Austin Zubin
Professor and Murray Koffler Chair in Management, Leslie Dan Faculty of Pharmacy, University of Toronto, Toronto, ON.
Healthc Pap. 2017;16(4):50-54. doi: 10.12927/hcpap.2017.25200.
Regulators face unique pressures to balance competing priorities related to patient safety, public accountability, and practitioners' expectations. Historically, the collegial model of self-regulation has been used as a tool for risk management, to recognize the importance of profession- and context-specific judgment in complex, ambiguous clinical situations. Increasingly, as public accountability concerns have grown dominant within regulatory bodies, this collegial model has shifted toward a more antagonistic relationship between the regulators and the regulated. Wilkie and Tzountzouris (2017) highlight one profession's journey toward embedding professionalism within regulatory practices and policies through application of a right-touch regulatory philosophy. Given the complexity of regulatory work, this shift required significant strategic and deliberative thinking. The challenges of facilitating this sort of cultural shift in the role of a regulator are significant, but so too are the potential gains associated with a more engaged relationship between regulators and their practitioners.

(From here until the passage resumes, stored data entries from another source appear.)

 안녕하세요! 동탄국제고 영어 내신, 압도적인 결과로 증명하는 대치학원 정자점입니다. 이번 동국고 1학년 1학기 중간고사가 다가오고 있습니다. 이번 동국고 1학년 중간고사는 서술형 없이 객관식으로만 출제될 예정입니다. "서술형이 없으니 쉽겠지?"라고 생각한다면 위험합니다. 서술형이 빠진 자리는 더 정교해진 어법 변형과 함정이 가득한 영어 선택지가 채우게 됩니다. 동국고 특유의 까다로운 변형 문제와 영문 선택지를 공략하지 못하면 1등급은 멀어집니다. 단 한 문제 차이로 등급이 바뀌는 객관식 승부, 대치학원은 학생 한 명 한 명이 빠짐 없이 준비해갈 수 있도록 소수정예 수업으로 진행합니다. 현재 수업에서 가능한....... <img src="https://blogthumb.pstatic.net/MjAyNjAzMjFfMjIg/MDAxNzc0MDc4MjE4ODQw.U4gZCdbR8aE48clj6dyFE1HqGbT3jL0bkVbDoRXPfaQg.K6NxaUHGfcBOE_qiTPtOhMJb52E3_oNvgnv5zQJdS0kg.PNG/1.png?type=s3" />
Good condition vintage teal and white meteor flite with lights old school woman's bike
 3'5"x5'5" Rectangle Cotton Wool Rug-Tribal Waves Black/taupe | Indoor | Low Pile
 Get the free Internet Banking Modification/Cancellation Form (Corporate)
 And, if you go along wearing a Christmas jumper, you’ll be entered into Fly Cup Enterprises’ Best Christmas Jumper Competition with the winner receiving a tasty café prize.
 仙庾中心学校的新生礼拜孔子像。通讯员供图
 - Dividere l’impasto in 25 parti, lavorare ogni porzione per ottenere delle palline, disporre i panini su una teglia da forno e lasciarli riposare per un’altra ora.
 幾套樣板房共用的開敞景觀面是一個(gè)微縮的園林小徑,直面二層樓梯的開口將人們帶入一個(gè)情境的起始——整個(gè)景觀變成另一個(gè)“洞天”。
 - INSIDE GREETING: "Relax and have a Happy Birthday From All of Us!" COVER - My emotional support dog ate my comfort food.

监管机构面临着独特的压力,需要平衡与患者安全、公共问责制以及从业者期望相关的相互竞争的优先事项。从历史上看,同行自我监管模式一直被用作风险管理工具,以认识到在复杂、模糊的临床情况下特定职业和背景判断的重要性。随着公共问责制问题在监管机构中日益占据主导地位,这种同行模式已朝着监管者与被监管者之间更具对抗性的关系转变。威尔基和佐恩祖里斯(2017年)强调了一个行业通过应用适度监管理念,在监管实践和政策中融入专业精神的历程。鉴于监管工作的复杂性,这种转变需要重大的战略和审慎思考。在监管者角色中推动这种文化转变的挑战巨大,但监管者与其从业者之间更积极参与的关系所带来的潜在收益也同样巨大。